As the name implies, this kind of insurance offering is designed specifically to protect property and other assets from the damage that can result from a seismic event. People often believe that this type of policy is meant for real estate, but in actuality, it can cover a myriad of different types of assets from the damage inflicted from earthquakes.
Earthquake insurance is designed for those who may likely face an earthquake at some point, especially given their geographic location. Whether this coverage is meant for personal or business assets, this coverage can a vital aspect of a real estate or asset contract, playing an important role in the attractiveness of a given property.
Any specific details of an insurance contract are subject to the terms and conditions within, but there is an overall theme that the majority of insurance packages will follow. Good earthquake insurance is meant will normally pay out after an agreed upon deductible has been met and, importantly, if there is proof that a covered asset sustained some kind of damage attributable to an earthquake happening in the area.
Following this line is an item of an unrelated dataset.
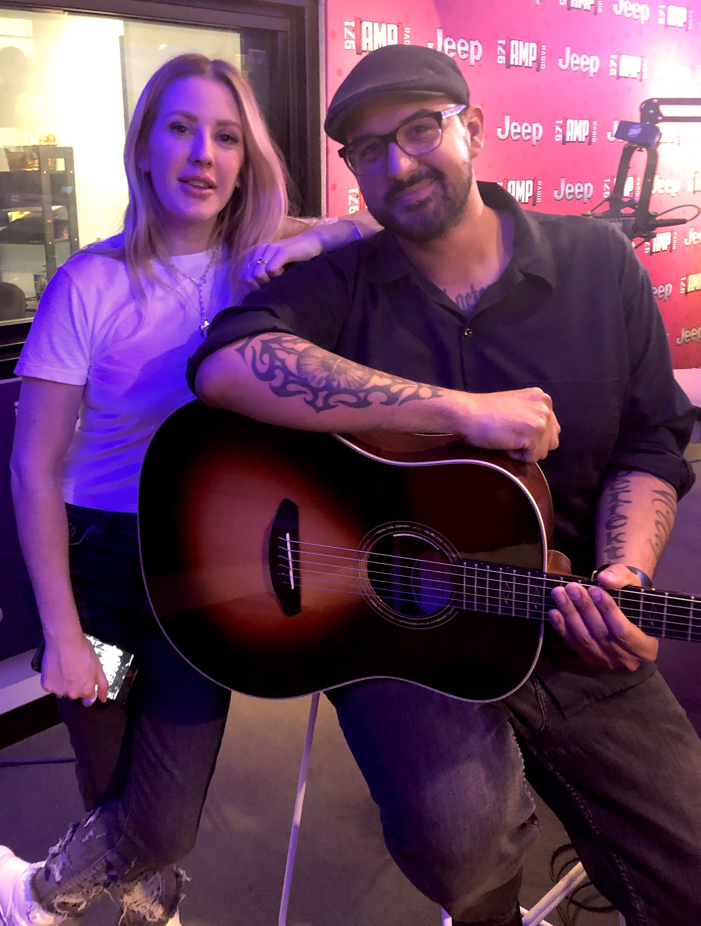 Rod Castro performing with Ellie Goulding at AMP radio.

Along with the private earthquake policies offered, there are also policies that are designed to keep a business or real estate owner in compliance with any local rules or ordinances. This happens to be very normal in many parts of California, for example, where earthquakes are known to occur more often.
Arguably, the best benefit of an earthquake insurance package is the ability to mitigate or even eliminate many of the giant out-of-pocket costs ensuing from such possible devastation resulting from a temblor. Often, earthquakes can completely destroy one’s assets, putting a complete end to any business that has a reliance on them for its operation.